Nettlebed is a village and civil parish in Oxfordshire in the Chiltern Hills about  northwest of Henley-on-Thames and  southeast of Wallingford. The parish includes the hamlet of Crocker End, about  east of the village. The 2011 Census recorded a parish population of 727.

Archaeology
It is claimed that in the 17th century a "Palæolithic floor" was found in Nettlebed Common. Mesolithic flint microliths and cores have been found in the parish.

History
The earliest known records of the name "Nettlebed" are from the 13th century. The Inquisitiones post mortem record it as Netelbedde in 1252 and 1276. The name does mean a nettlebed: a place overgrown with nettles. Nettlebed village is on an ancient route through the Chiltern Hills between Henley on Thames and Wallingford, which for centuries was part of a trunk route between London and Oxford. The road between Henley and Wallingford was made into a turnpike in 1736 and ceased to be a turnpike in 1873. It is now classified as the A4130. Nettlebed's strategic position led to its having several pubs, inns and coaching inns. They included the White Hart, which is 17th-century, and the Bull Inn and Sun Inn, which are 18th-century. Only the White Hart in the High Street is still trading. 

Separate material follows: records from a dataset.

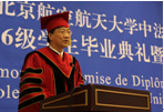 2013年1月12日上午,我校中法工程师学院2006级学生毕业典礼暨学位授予仪式在新主楼第二报告厅举行。法国驻华大使白林(Sylvie-AgnèsBERMANN),我校校长怀进鹏院士,南特中央理工大学校长普瓦度(Arnaud POITOU),中国商飞公司党委委员、总经理助理、人力资源部部长燕桦,赛峰集团全球人事副总裁巴侯(Marc Parrot)等出席典礼
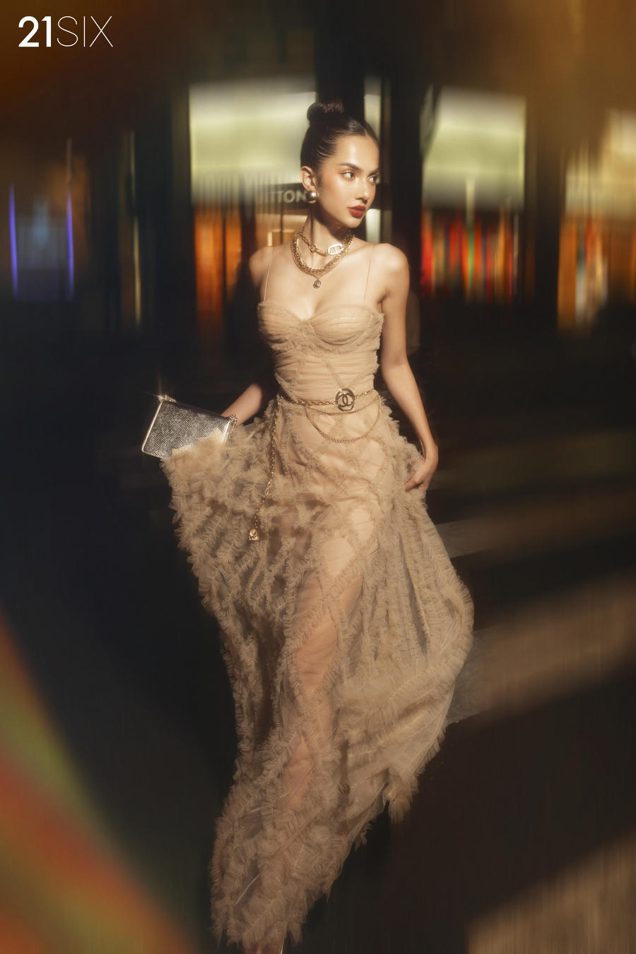 Hãy dạo bước cùng cô gái 21 Six xuống phố, bạn sẽ bắt gặp vẻ đẹp thanh lịch, thời thượng với phong cách đa dạng cho những buổi trà chiều. Vẻ đẹp yêu kiều, lộng lẫy như một nàng công chúa đang trên đường đến vũ hội khi thành phố lên đèn. Cả thành phố như bừng sáng cùng vẻ đẹp của cô ấy!
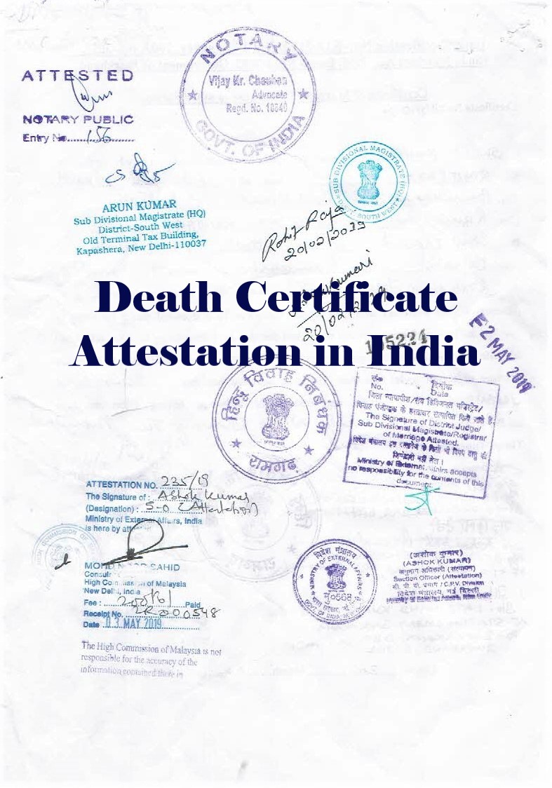 Alternatively, a Death Certificate Attestation from Malaysia Embassy can be completed after the Attestation of Home Department / Mantralaya, Mumbai or the Attestation from Sub Divisional Magistrate (SDM, NCT, Delhi), Attestation from Ministry of External Affairs (MEA), Govt. of India and the Attestation from Notary.
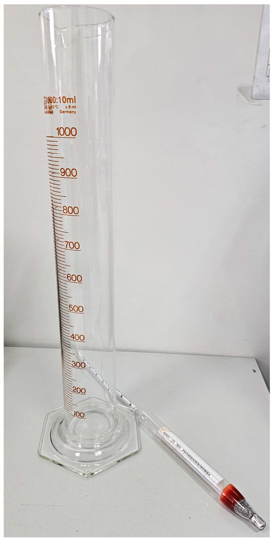 Densities of: Jet-A fuel, obtained from pork fat and all the tested fuel blends were measured as described in SR EN ISO 3675/2002 [38]. The testing equipment is comprised by glass cylinder with gradations and thermo dens-meters manufactured by Termodensirom SA, Bucharest, Romania and shown in Figure 1.
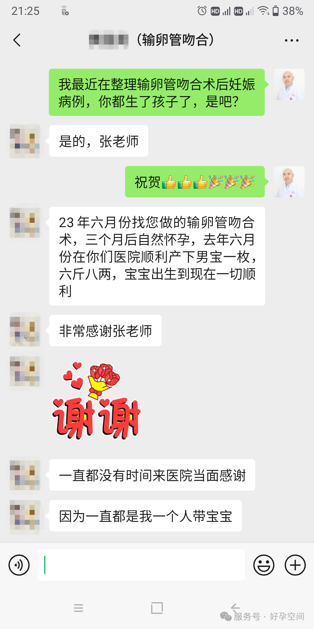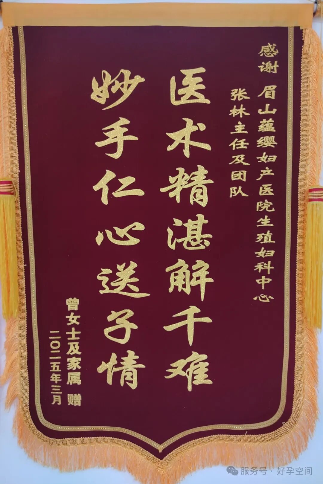 病例8:34岁,G3P2,剖宫产2次。输卵管结扎8年,再婚,2024年2月手术,COOK导丝做支架,美蓝通液双侧输卵管伞端少许美蓝液流出。2024年9月13+3周孕建卡,2025年3月37+4周孕剖宫产分娩,赠送手术医生锦旗一面。
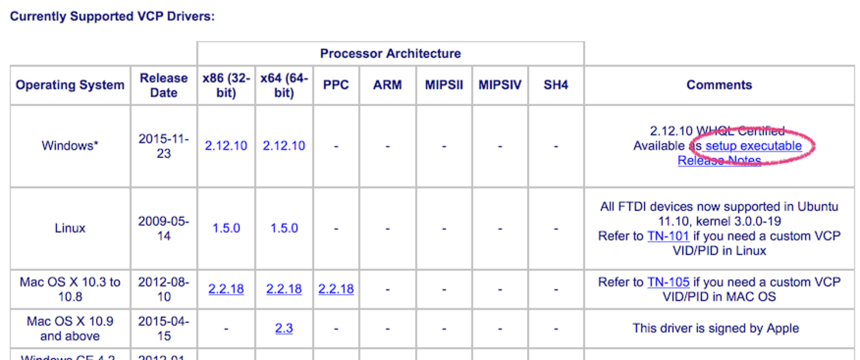 The “setup executable” link is more convenient than the drivers listed in the “x86” and “x64” columns because, when the program runs, it automatically places the USB driver files in the correct location.
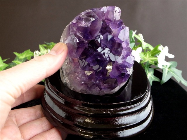 ウルグアイ産 アメジストクラスター スタンドタイプ 5Aグレードのウルグアイ産アメジストクラスターが入荷しました!! こちらは自立できるスタンドタイプのクラスターです。 アメジスト【紫水晶】は真実の愛を教えてくれるといった石言葉を持ち、また2月の誕生石としても有名で非常に人気の高い水晶です。 ブラジル産と比べ、ウルグアイ産アメジストは深みと高級感のある濃い紫色で産出したり、色が薄い物でも透明度が高く宝石質の美しい品が多いのが魅力です。 つや感・透明感・結晶ともにバランス抜群で、これぞアメジストと感じられる極上品です。 久しぶりにトップグレードと呼べる濃い紫結晶ですので、是非! 水晶クラスターなどと比べて流通量が少なく、なかなか入荷致しませんのでお見逃し無く。 【ストーンキーワード】 ・癒しと安らぎ ・精神の安定 ・真実の愛を守り抜く |
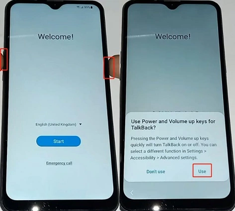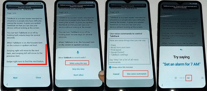 Aqui está outro método passo a passo para realizar o bypass do FRP no Samsung A01 usando o Talkback. Siga cada etapa com precisão para uma conclusão bem-sucedida do bypass FRP Samsung A01. Mas você deve observar que o método consome tempo e pode estar sujeito a erros.
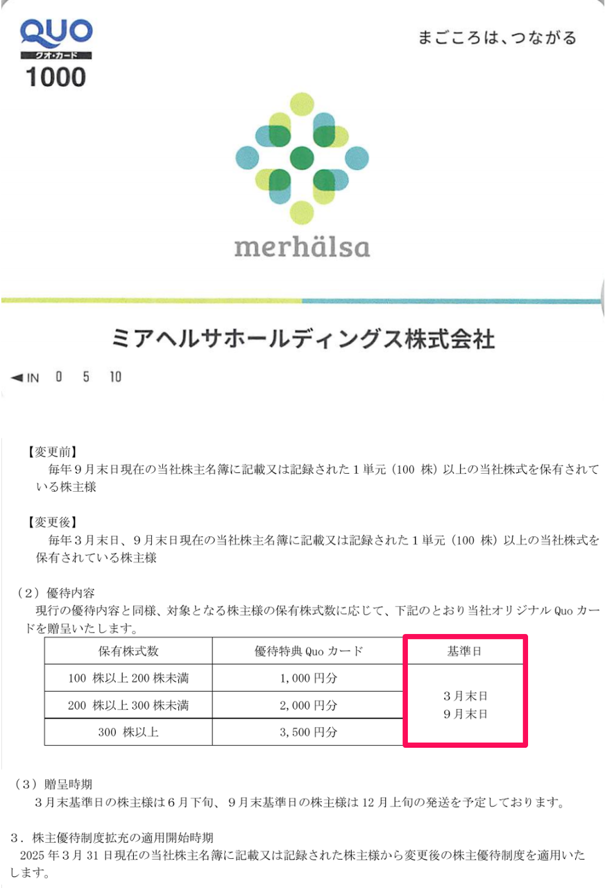【 株主優待 到着 】 (100株) 1,000円クオカード ※年2回に優待拡充されたのですな。(今までの9月に加えて、3月も) ー。
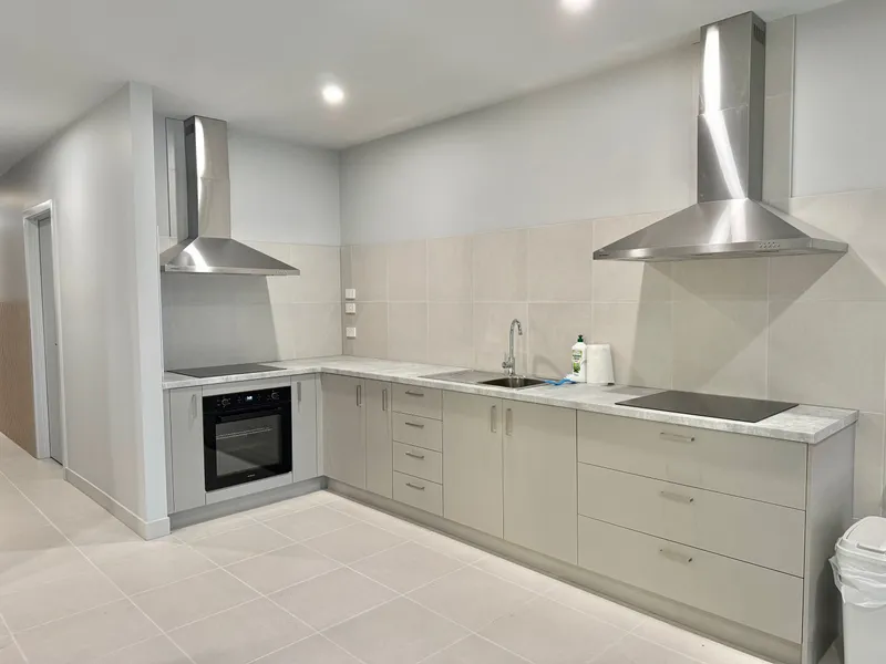 • Kitchen with electric cooking + ample storage
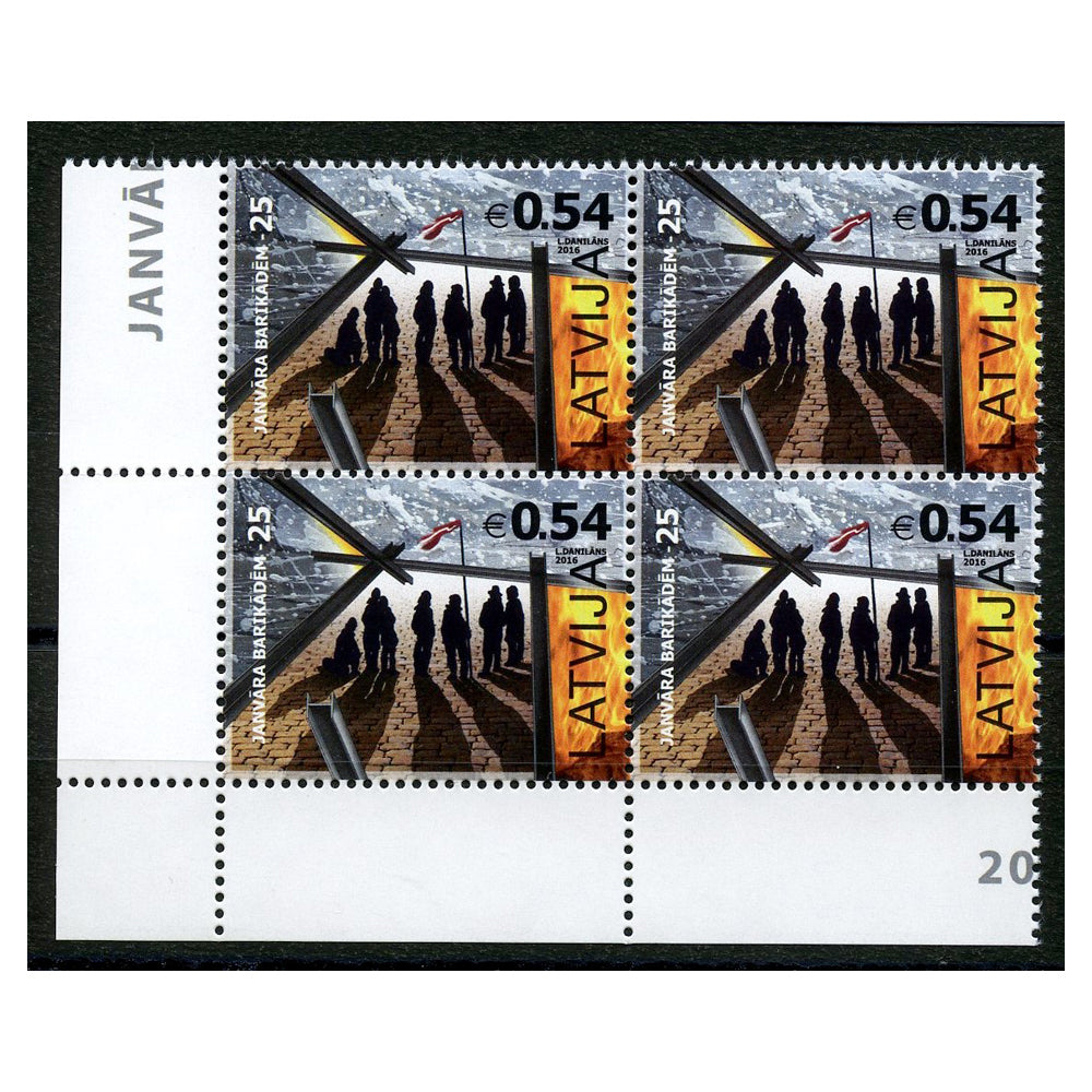 Latvia 2016 January Barricades, u/m. SG964 x 4 corner blocks
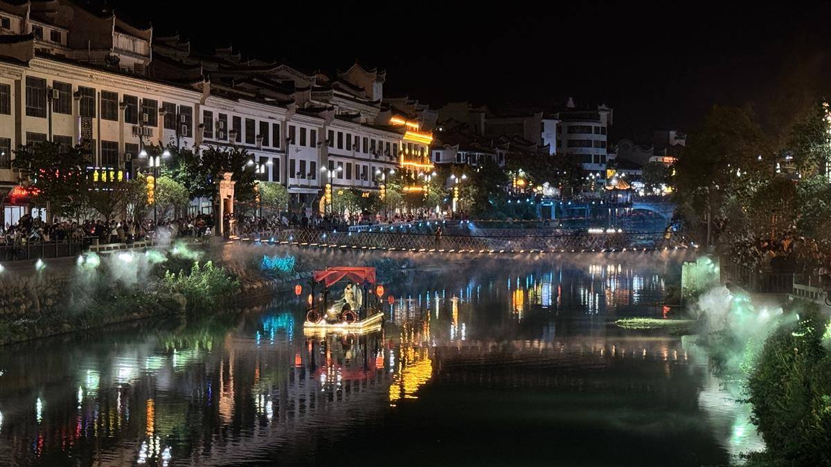晚上7点30分,九资河畔音乐响起,光影闪烁,悠扬的《梦回鸠兹》夜游光影演绎,让千年古镇变得流光四溢,美轮美奂,仿佛穿越了千年。河道中两条小船缓缓前行,身着古装的演员随着音乐翩翩起舞。
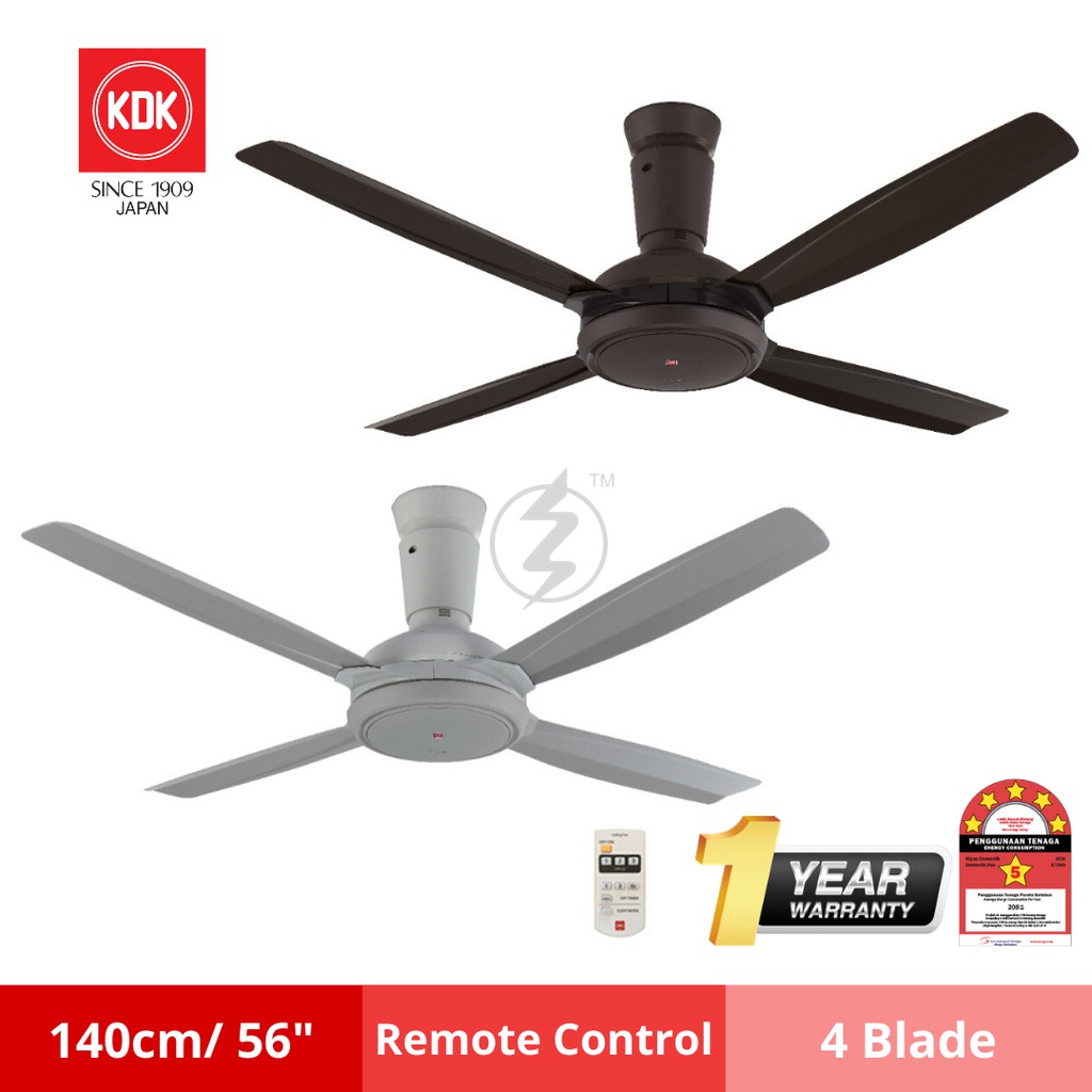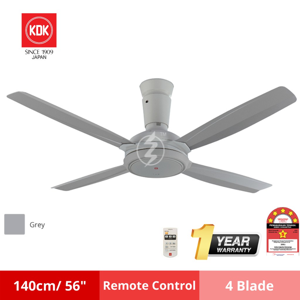 KDK 56" inch 4 BLADE REMOTE CONTROL CEILING FAN / KIPAS K14XZ-PBR/GY (GREY / BROWN)
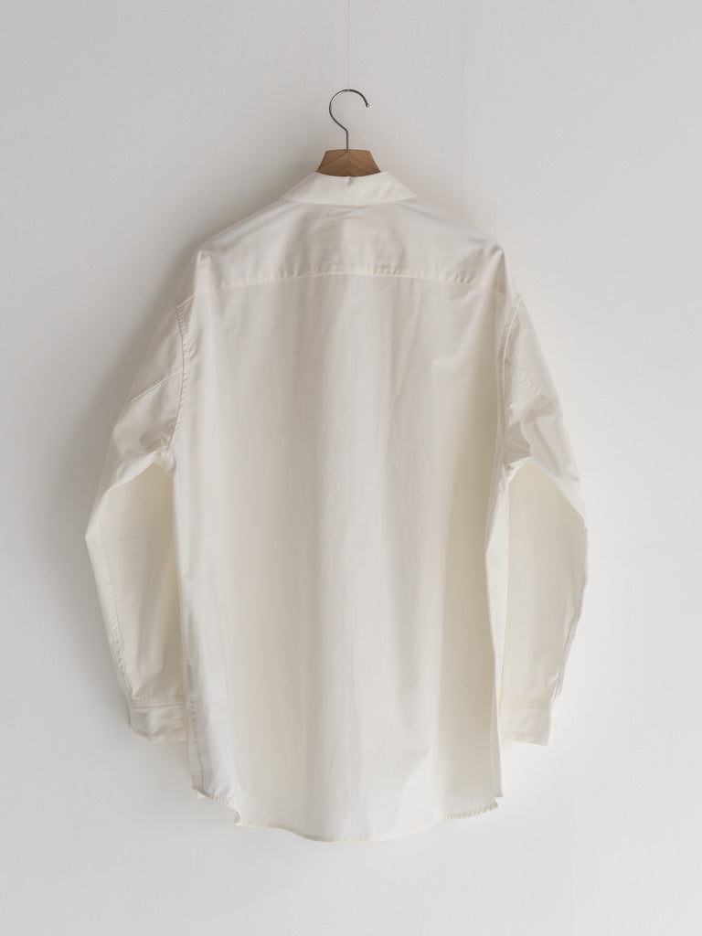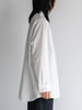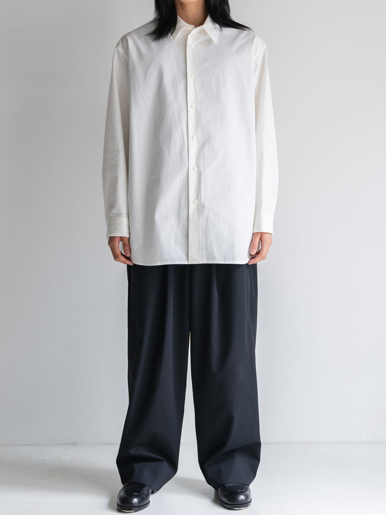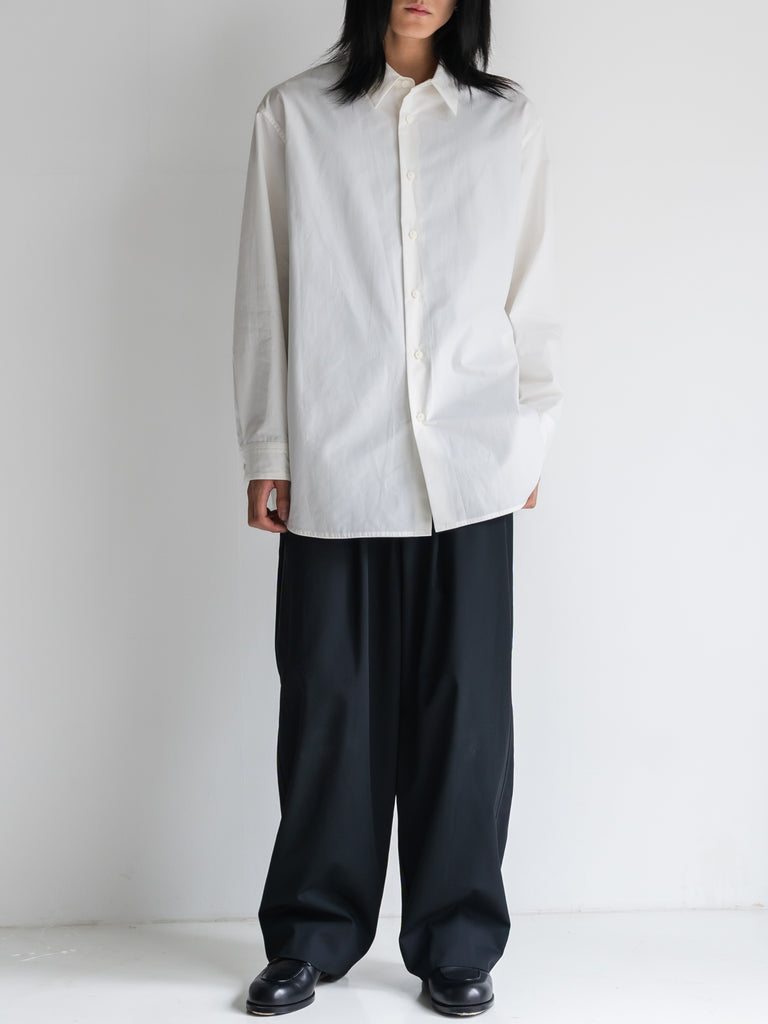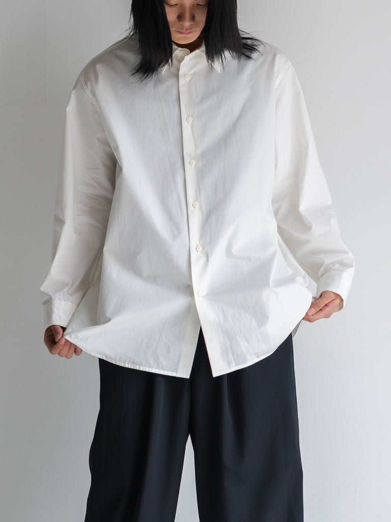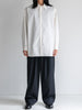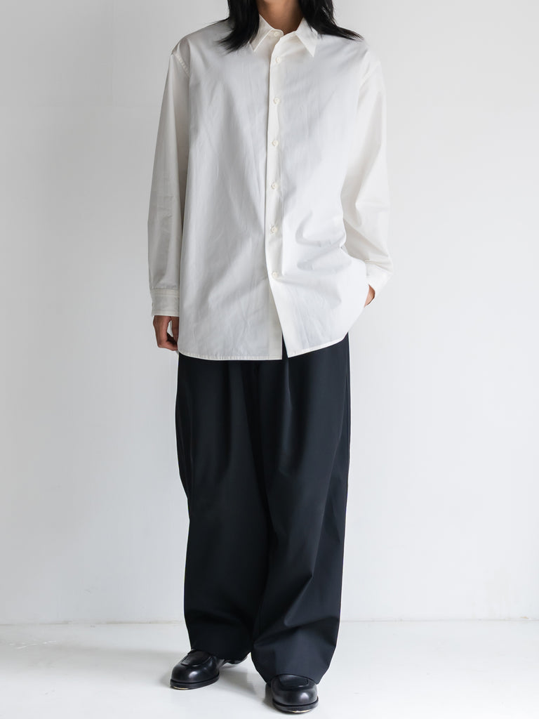 たっぷりとしたオーバーサイズの中に、ヘビーブロードの張り感としなやかなドレープが共存し、どの角度から見ても絵になるシルエットに。
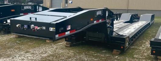Rogers 55 ton Gentle Riser, No-Foot Neck, 25' deck, adjustable width bi-fold front ramps, deep well pocket in deck with inserts & planks on grade, 275's on aluminum outers, extra lights, Strobes in rear, mini strobes on sides, Air Lift 3rd, hangers & supply for optional 4th axle, Black paint.....................IN STOCK!

Nettlebed had a sub-post office and general store in Watlington Street. It has now ceased trading and is a private house. In 2012 Thierry Kelaart and Patrick Heathcote-Amory, son of Sir Ian Heathcote-Amory were married at St Bartholomew's parish church. Michael Middleton acted as father of the bride and guests included the Duchess of Cambridge. The house at 25, High Street, also known as the Old Priest House, is a Grade II listed building. The building is probably 16th-century with an 18th-century front and 19th-century windows.

Parish church
The Church of England parish of Saint Bartholomew was originally a chapelry of the adjacent parish of Benson. There is a record of the Empress Matilda giving the benefice of Benson, including chapels at Nettlebed and Warborough, to the Augustinian Abbey at nearby Dorchester, Oxfordshire in about 1140. The Medieval church building was replaced in 1845–46 by the present Gothic Revival brick building, designed by a member of the Hakewill family of architects. The only surviving part of the previous church is the lower stages of the brick west tower, which seems to be 18th-century.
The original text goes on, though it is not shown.